When it comes to the morals and the principles you hold dear, there's just one problem. You can be bought off. And often for a low price at that.

As complicated as we think humans are, it all comes down to a basic principle: We want to feel good about our decisions, even if we're lying to ourselves. If we're sacrificing in some way, we start to convince ourselves it's a good thing. 

That can be anything from the mundane (that excruciatingly boring play was totally worth my time!) to the horrific (as when Nazi Germany's systemic persecution of Jews made the average German citizen less likely to protest.)

We often approach life thinking we're guided by a moral code -- don't lie, treat people kindly, look out for others. But social science has proven just how easy it is to get people to abandon their principles and even change their opinions for a small reward that makes them feel good. 

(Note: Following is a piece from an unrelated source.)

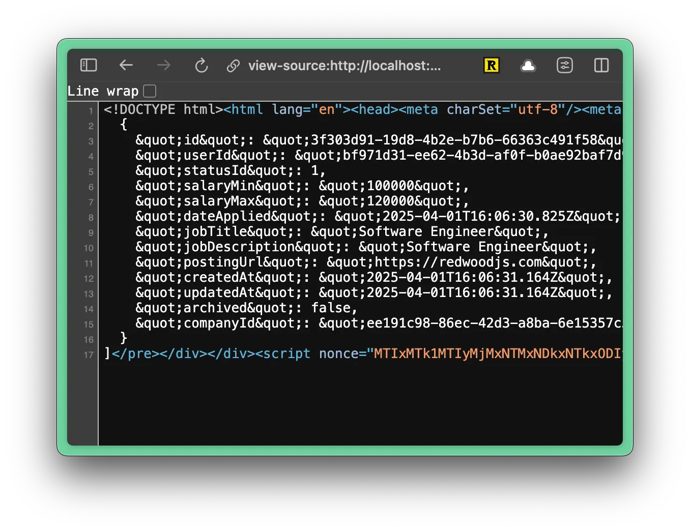Also, if you right click on the page and select View Source, you’ll see that the data is being rendered directly on the page.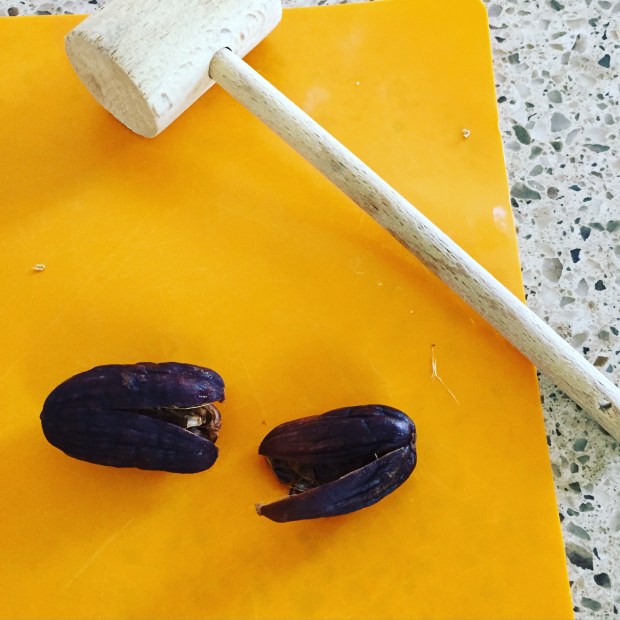 This isn’t super important, but hey, why not go that extra mile when you’re putting in all this work? After about 30 minutes, take the Black Cardamom pods out and squish them to open them up a bit. We used our handy dandy crab mallet for the job.

It turns out that smaller rewards, say accepting $1 to lie vs. $20,  are often bigger motivators to bend our moral code because we've sacrificed more.

It's called cognitive dissonance, the discomfort we feel when we hold two contradictory beliefs. Check out the video above for a classic case showing just how easily we can be bought off.


Students are asked to complete an extremely boring experiment and then offered a reward to tell another student how interesting the task was. Whether for $20 or $1, the students are willing to lie to their peers. 

In fact, students with the lower reward for lying were even more likely to believe their own lie because the $1 payoff was so low. They convinced themselves of the lie to get rid of discomfort over being dishonest. 

Want to test this out in your own life? It's really easy, according to that great social experimenter Ben Franklin (seriously, is there any field that guy wasn't involved in?)

Franklin said the best way to get someone to like you is to finagle a favor from them. Once someone has sacrificed for you, they'll convince themselves they like you; otherwise, the sacrifice of the favor was in vain and we all subconsciously try to avoid that.